MetaMask users face a phishing scam using fake 2FA emails. Here’s how to spot red flags and protect your wallet now.
Digital asset holders have come under attack again, after a major MetaMask 2FA security verification phishing scam hit the internet.
Attackers are sending out convincing emails that urge recipients to update their security settings immediately.
These messages claim that if the victim fails to act by a specific deadline will result in restricted access to wallet features. However, these alerts are entirely false and designed to drain digital assets.
The Phishing Scam In View
The scam works by exploiting the victim’s fear of losing funds.
Users receive an email that looks exactly like an official notice from the MetaMask support team. Emails like these often feature the familiar Fox logo and professional branding.
The text also explains that a new two-factor authentication (2FA) requirement is now mandatory. It also says that to “verify” their identity, users are told to click a link before the January 4 deadline.
🚨 New #metamask phishing scam alert
Attackers are impersonating a “2FA security verification” flow, redirecting users via look-alike domains to fake security warnings with countdown timers and “authenticity checks.”
The final step asks for your wallet recovery phrase — once… pic.twitter.com/3bX9U1wZbs
— SlowMist (@SlowMist_Team) January 5, 2026
Security researcher 23pds from the firm SlowMist was among the first to flag this campaign. He warned that these emails redirect users to “typosquatted” domains.
For context, these are websites that look like the real address, but have tiny spelling errors. Once users visit these sites, they see a countdown timer that warns them to act fast by providing their credentials.
If a user does provide this information, the attackers can import the wallet and steal all their funds within seconds.
Proactive Measures Against the MetaMask 2FA Scam
Cybersecurity experts from Halborn have previously urged crypto companies to be more proactive.
They say that since no system can stop every single scam email, users should always verify the sender’s actual email address. Moreover, scammers tend to hide their identity using names like “MetaMask Support” while the actual address is a random string of letters.

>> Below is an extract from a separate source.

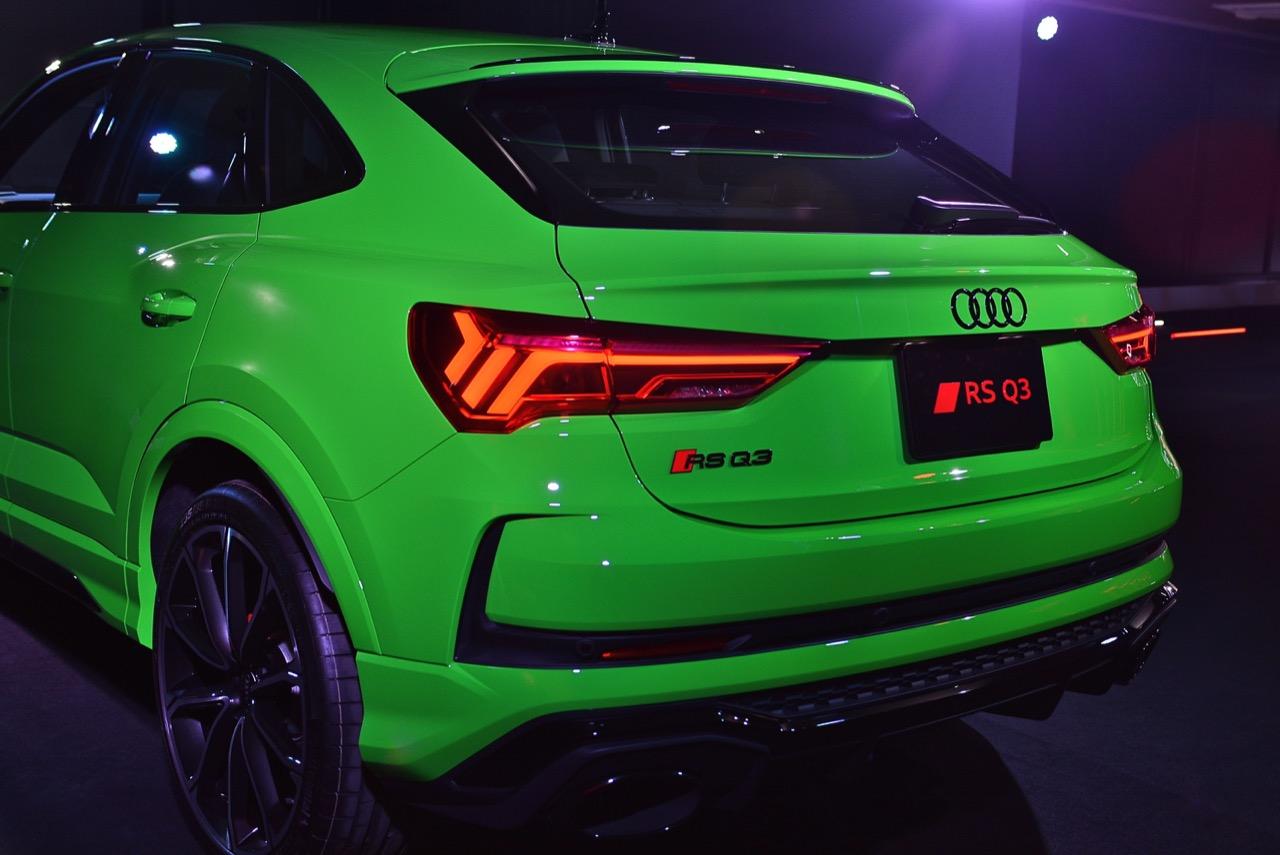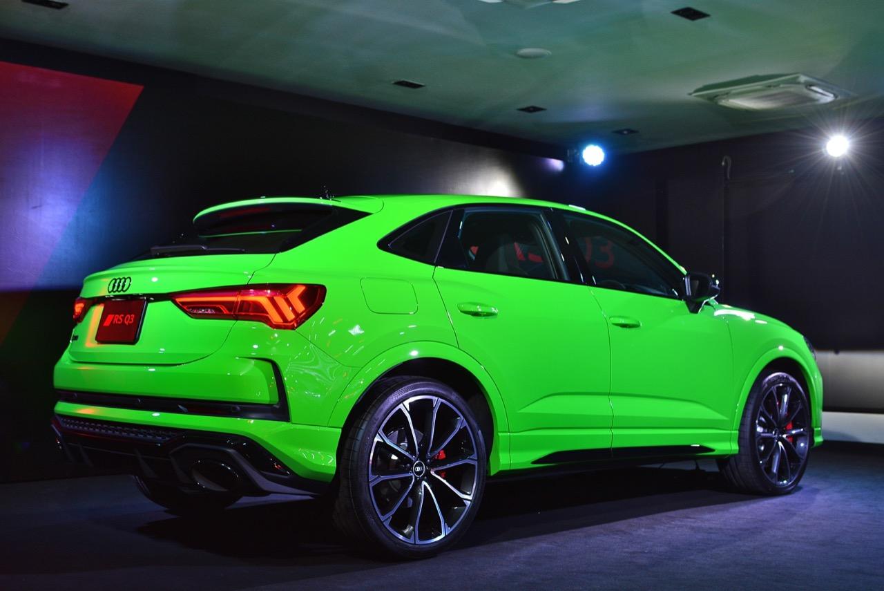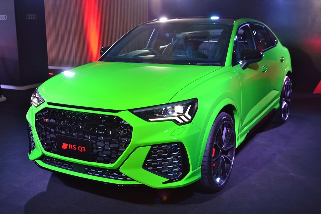 รถรุ่นพิเศษ New Audi RS Q3 Sportback quattro รถยนต์อเนกประสงค์ครอสโอเวอร์ขนาดกะทัดรัด (Sport Compact Crossover Coupé) ชุดตกแต่งภายนอกแบบ Glossy Black RS ตกแต่ง Audi Ring และชื่อรุ่นด้วยสี Glossy Black คาลิปเปอร์เบรกสีแดง กระจังหน้าลายรังผึ้งขนาดใหญ่สีดำเงา กันชนรูปทรงบูมเมอแรงที่ออกแบบมาพิเศษ เครื่องยนต์เบนซิน 5 สูบ ความจุ 2.5 ลิตร เทอร์โบ กำลัง 400 แรงม้า แรงบิด 480 นิวตันเมตร ระบบขับเคลื่อนสี่ล้อ Quattro ตัวเลขสมรรถนะ เร่งจาก 0-100 กิโลเมตรต่อชั่วโมง ใน 4.5 วินาที ความเร็วสูงสุด 250 กิโลเมตรต่อชั่วโมง ราคา 4,750,000 บาท

With this being said, one of the best ways to stay safe is to remember how crypto wallets actually work.
MetaMask is a self-custodial service.
This means that the company does not have a database of your information, unless you specifically open a support ticket. They will never reach out to you unprompted, and if you receive an email claiming your wallet is “locked” or “suspended,” it is almost certainly a scam.
The security team at ConsenSys (the company behind the wallet) has also released a clear set of rules, stating that the firm will never ask for your recovery phrase under any circumstances.
They also do not require your Apple ID or Google account details to function. If a website asks for your seed phrase to “enable 2FA,” you should close the tab immediately.
Related Reading: SlowMist Raises Public Alert After No Reply From HitBTC
How to Identify and Block Phishing Attempts
To identify scam attempts like these, investors need to have a sharp eye for detail.
Scammers often use professional language, but they sometimes make small mistakes. Look for grammatical errors or shoddy formatting in the email body.
Check the “From” field by clicking on the sender’s name to see the full email address. Legitimate emails from the company typically come from domains like @metamask.io or @metamask.zendesk.com.
Another red flag is the demand for immediate action.
Real updates to blockchain software happen through the browser extension or the mobile app, and you will see a notification inside the app itself when this happens, rather than in your email inbox.
If you are ever in doubt, go directly to the official website by typing the address into your browser manually.